→ Problem statement
Could you reproduce the lines below from the one with "远红外圆领黑色毛衣男 25秋新款 HLA 海澜之家山不在高含羊毛针织衫" through the one with "In contrast, the"? Keep both ends and add nothing.

→ Given data

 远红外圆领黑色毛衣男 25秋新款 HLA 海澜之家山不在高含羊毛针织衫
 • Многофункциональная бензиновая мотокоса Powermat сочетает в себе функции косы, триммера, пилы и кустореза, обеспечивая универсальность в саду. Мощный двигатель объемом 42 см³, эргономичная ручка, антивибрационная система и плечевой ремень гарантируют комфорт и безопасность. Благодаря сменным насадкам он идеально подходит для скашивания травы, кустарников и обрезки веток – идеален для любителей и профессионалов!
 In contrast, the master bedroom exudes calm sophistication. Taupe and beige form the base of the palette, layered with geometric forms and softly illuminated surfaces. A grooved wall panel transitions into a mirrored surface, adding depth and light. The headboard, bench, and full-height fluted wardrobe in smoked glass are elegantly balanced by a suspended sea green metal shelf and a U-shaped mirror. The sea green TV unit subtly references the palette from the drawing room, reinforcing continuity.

--

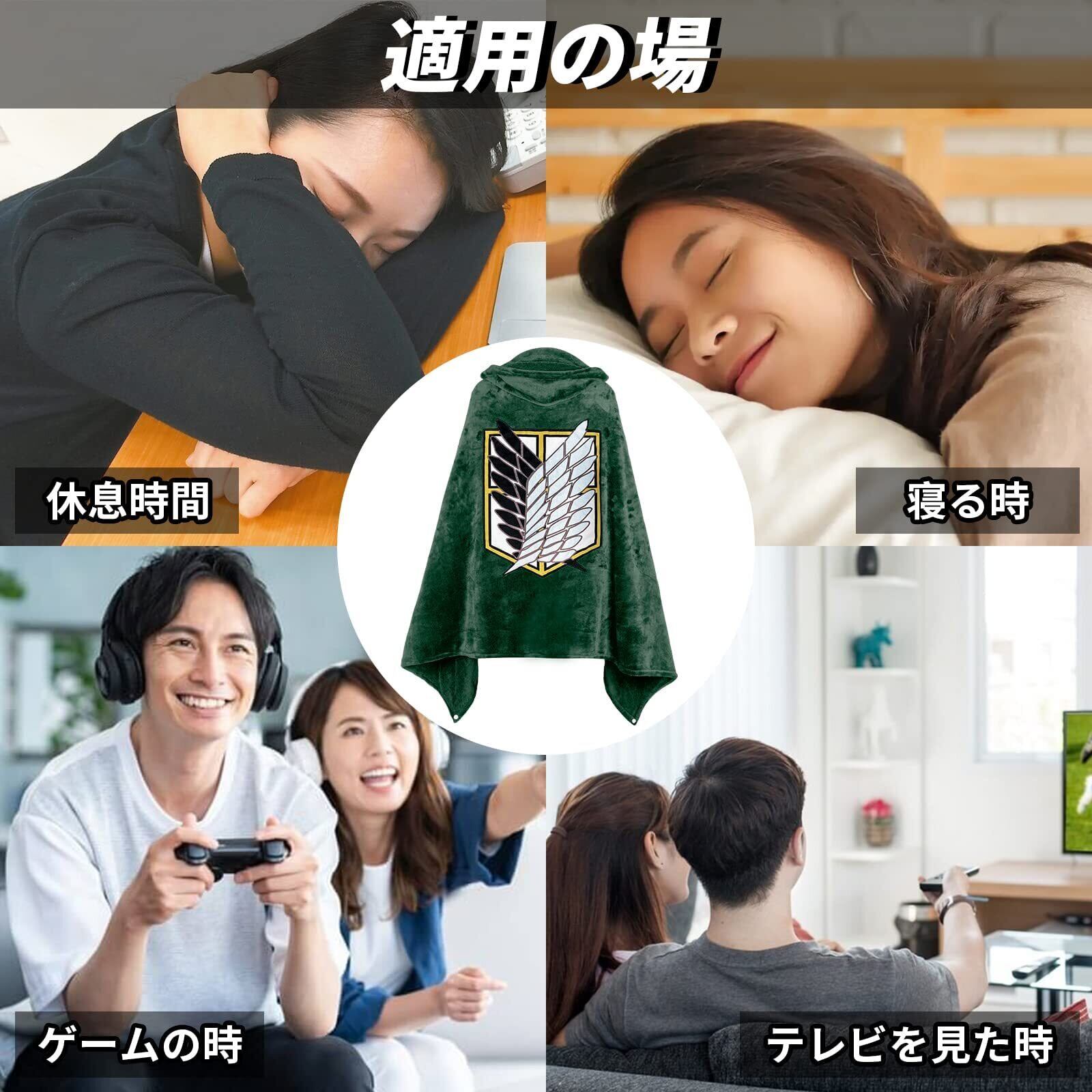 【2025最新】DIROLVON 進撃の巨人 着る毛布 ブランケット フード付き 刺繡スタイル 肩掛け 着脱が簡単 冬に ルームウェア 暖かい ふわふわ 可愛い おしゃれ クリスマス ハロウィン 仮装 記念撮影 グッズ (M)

→ Response to the task
 远红外圆领黑色毛衣男 25秋新款 HLA 海澜之家山不在高含羊毛针织衫
 • Многофункциональная бензиновая мотокоса Powermat сочетает в себе функции косы, триммера, пилы и кустореза, обеспечивая универсальность в саду. Мощный двигатель объемом 42 см³, эргономичная ручка, антивибрационная система и плечевой ремень гарантируют комфорт и безопасность. Благодаря сменным насадкам он идеально подходит для скашивания травы, кустарников и обрезки веток – идеален для любителей и профессионалов!
 In contrast, the master bedroom exudes calm sophistication. Taupe and beige form the base of the palette, layered with geometric forms and softly illuminated surfaces. A grooved wall panel transitions into a mirrored surface, adding depth and light. The headboard, bench, and full-height fluted wardrobe in smoked glass are elegantly balanced by a suspended sea green metal shelf and a U-shaped mirror. The sea green TV unit subtly references the palette from the drawing room, reinforcing continuity.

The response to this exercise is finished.